> It's crazy to believe that stopping the funding of US backed NGOs directly kills people.
Why? Have US-backed NGOs never saved a single life with their spending?
You can argue it's not worth the spending, perhaps, but you really can't argue that it's not happening somewhere.
> This is a reason why the US is trillions in debt.
This is a tiny, tiny, nearly invisible fraction of that reason.
Gotta hit on a few things there in no particular order:
- USAID's final budget was $34 billion. That's already very real money, but it came from the discretionary budget - that giant bill of spending where the government decides what to spend money on: schools, roads, housing, and so on. The entire discretionary budget for 2025 was $1.9 trillion, so USAID made up almost 2% of all the US' federal discretionary spending!
- Nothing USAID was doing was irreplaceable. The vacuum their exit has created is being rapidly filled by a wide mix of other interests. So saying they are saving a life when they are just another replaceable entity, even if a rather large one, is misleading. It's kind of like saying Google is why we have web browsers.
- USAID and the CIA worked hand-in-hand. For instance one project was USAID/CIA starting a fake social media site [1] in Cuba specifically with the goal of trying to create an insurrection, which would undoubtedly be very bloody had they succeeded. So in your calculus you need to account for deaths caused by USAID as well.

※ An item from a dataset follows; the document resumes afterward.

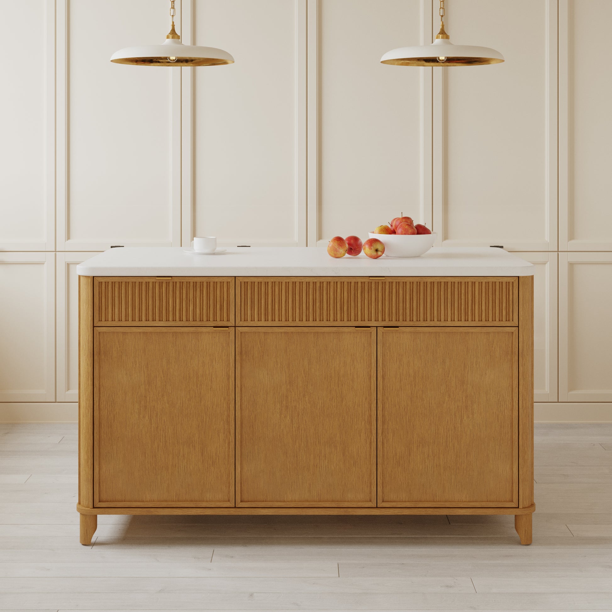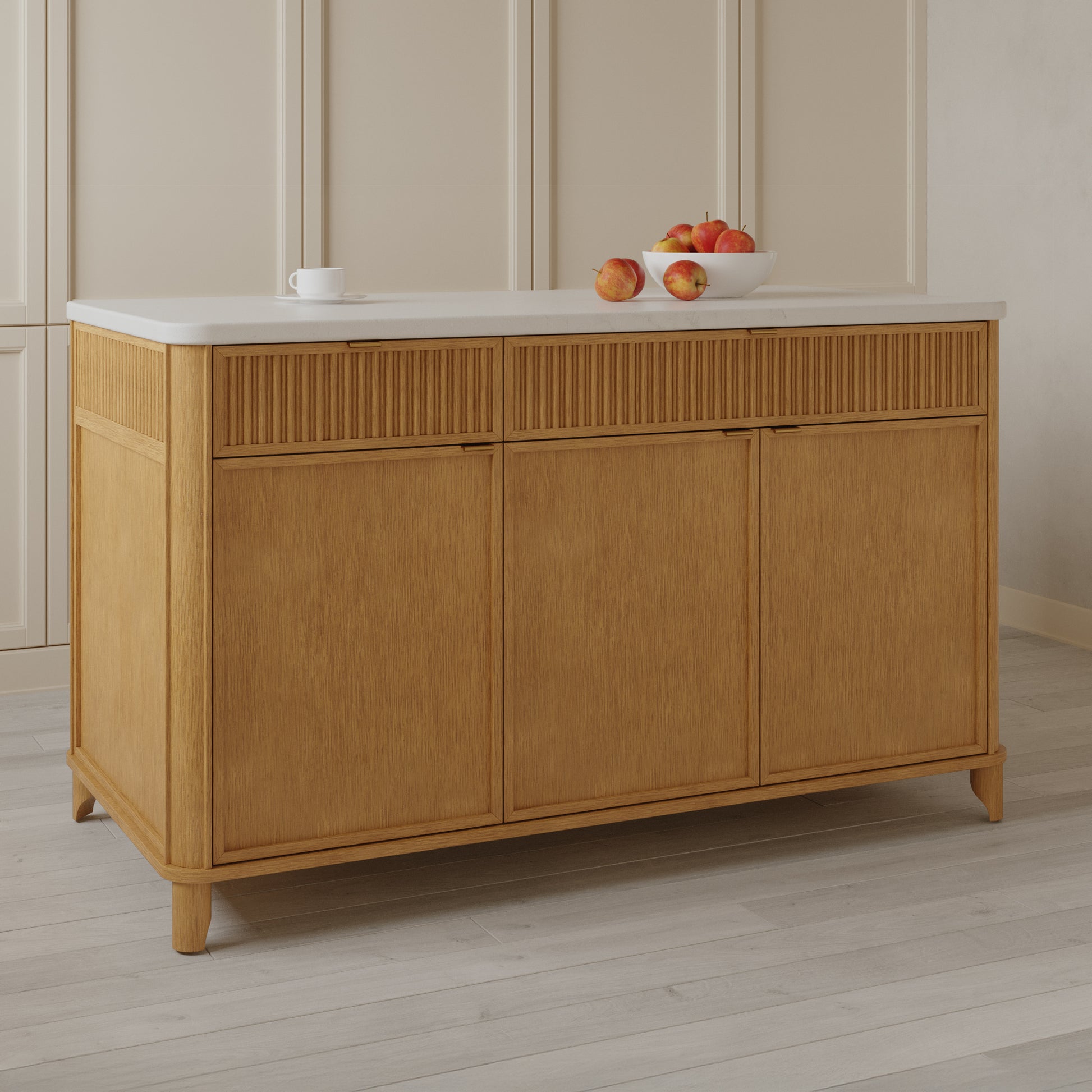 Kathryne 60" Kitchen Island in Oak | Quartz Countertop

- Many of their programs seemed geared towards the creation of dependencies rather than working to ensure the self sustainability of various places. I think this likely ties into the above issue. Teach a man to fish and you feed him for life, give a man a fish a day and you now control that man because he's dependent upon you. Sociopathic intelligence agencies blending with philanthropy is a rather horrific combination.